SUPPLIED RECORDS: Begin

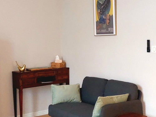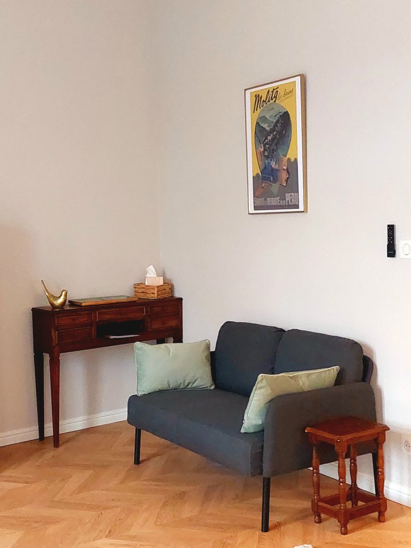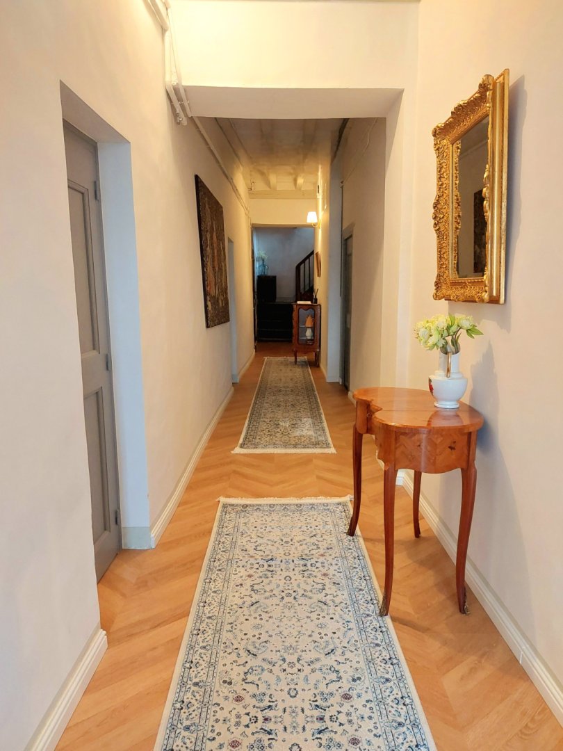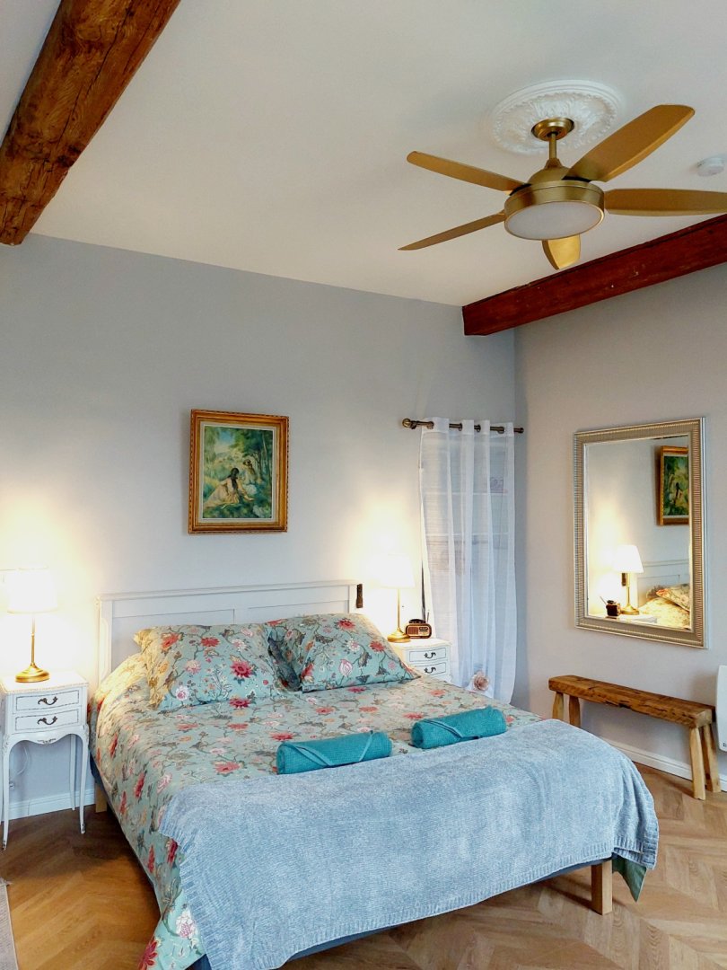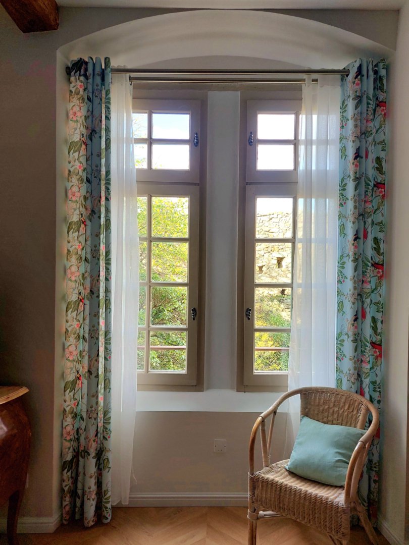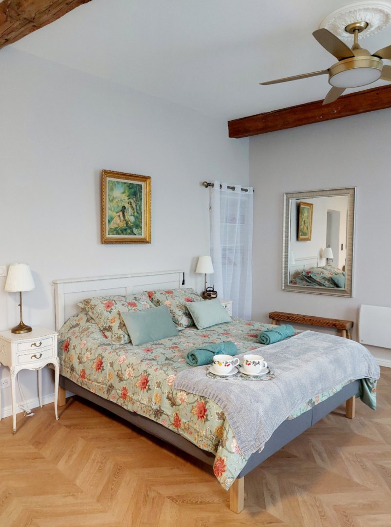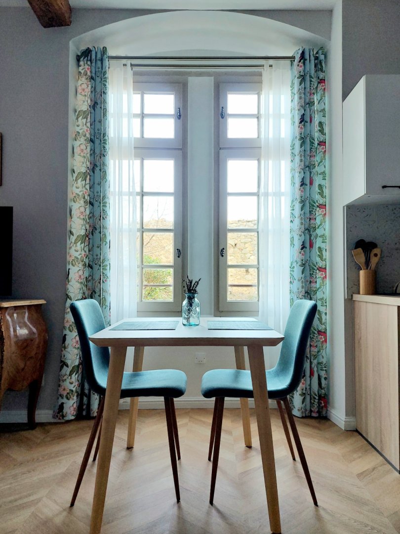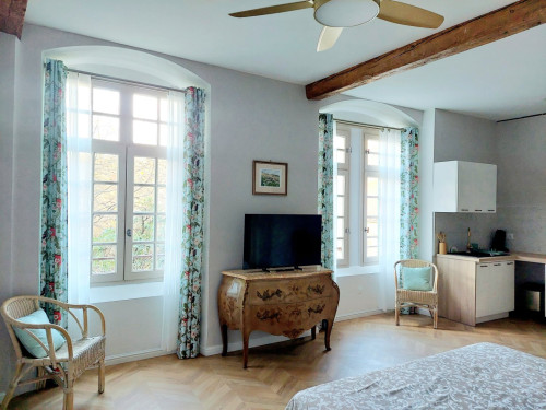 Baigné de lumière naturelle grâce à ses deux fenêtres cintrées orientées plein sud, ce studio offre une vue apaisante sur la cour intérieure et l’église du village.
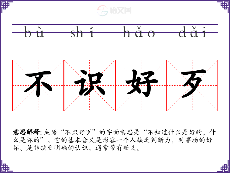 成语“不识好歹”的字面意思是“不知道什么是好的,什么是坏的”。它的基本含义是形容一个人缺乏判断力,对事物的好坏、是非缺乏明确的认识,通常带有贬义。
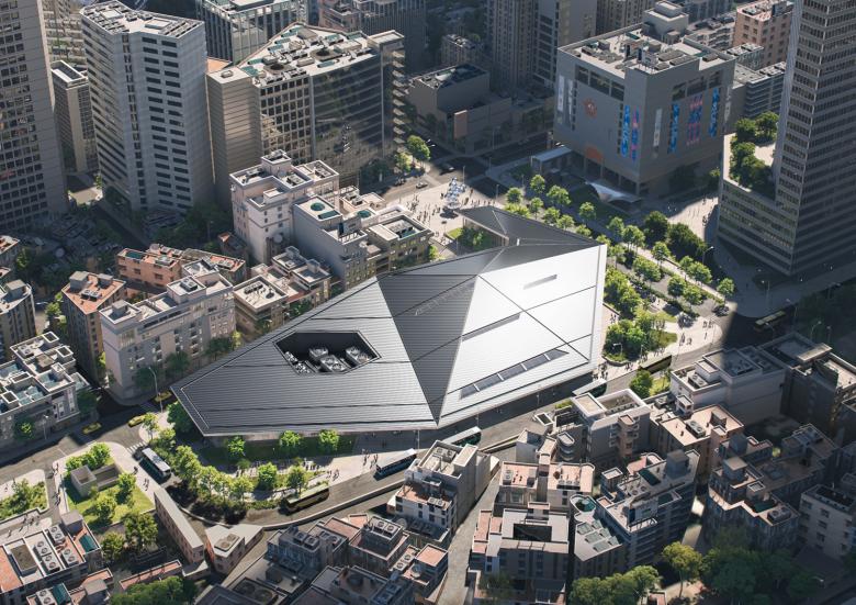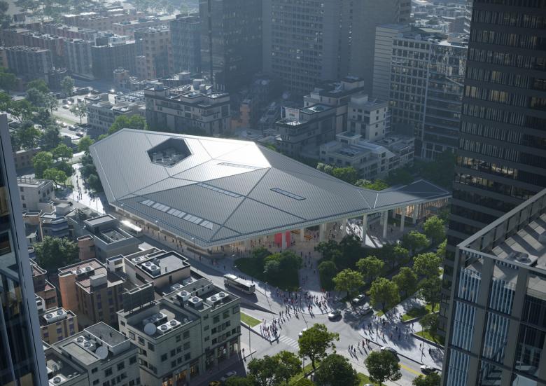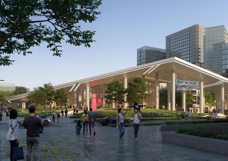 As a pivotal initiative within the two-phase masterplan, Taoyuan Station is set to emerge as the city's central axis. Located in the old city center, the new Taoyuan Station is a large, covered plaza encompassing commercial spaces, a metro, a bus station, and underground railways. The roof canopy spans three volumes and two voids, which are well-connected to the underground levels. The heavy structural columns are divided into slimmer ones, creating a sense of lightness that supports the large canopy, making it appear as if it is floating above the site.Taoyuan, known as the Airport City, embodies this spirit with the station's canopy resembling an origami aeroplane. The soffit pattern, combined with linear lights, creates a dynamic ceiling that captures the attention of the station's users. Recognizing the subtropical climate of Taoyuan, and as part of Mecanoo's sustainable and holistic design approach, the canopy provides shade and shelter for the public space. This design seamlessly merges the city and the station, enhancing the public character of the transportation hub.
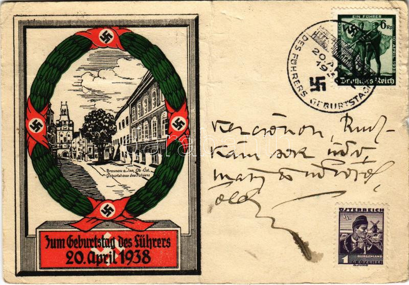 Description: 1938 Zum Geburtstag des Führers. Braunau am Inn, Geburtshaus des Führers / Birthday and birth house of Adolf Hitler, NSDAP German Nazi propaganda + So. Stpl (fa)
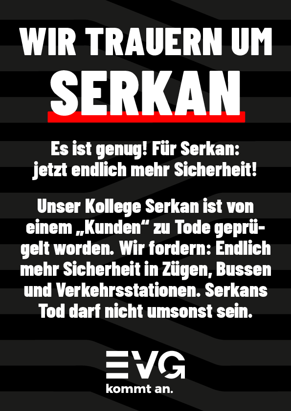 Heute Morgen ist unser Kollege Serkan C. seinen Verletzungen des Übergriffs von Montag, erlegen... Dies bestürzt uns alle zutiefst – schon wieder ein Übergriff auf Beschäftigte, welche nur eine Fahrscheinkontrolle durchführen...
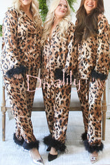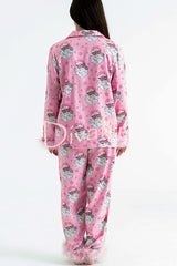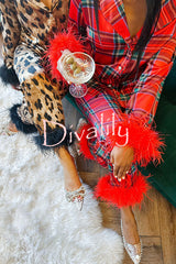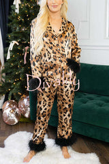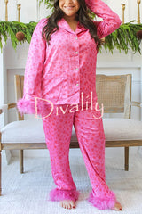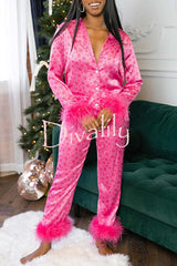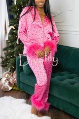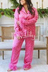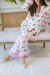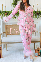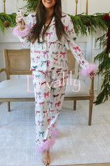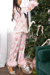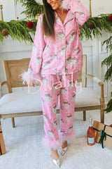 Christmas besties party printed feather trim elastic waist pocketed pajama set

SUPPLIED RECORDS: End

PROBLEM DETAILS
Extract, word for word, every line from the one holding "Description: 1938 Zum" through the closing line of the data above. Do not include any pictures.

RESPONSE AREA
 Description: 1938 Zum Geburtstag des Führers. Braunau am Inn, Geburtshaus des Führers / Birthday and birth house of Adolf Hitler, NSDAP German Nazi propaganda + So. Stpl (fa)
 Heute Morgen ist unser Kollege Serkan C. seinen Verletzungen des Übergriffs von Montag, erlegen... Dies bestürzt uns alle zutiefst – schon wieder ein Übergriff auf Beschäftigte, welche nur eine Fahrscheinkontrolle durchführen...
 Christmas besties party printed feather trim elastic waist pocketed pajama set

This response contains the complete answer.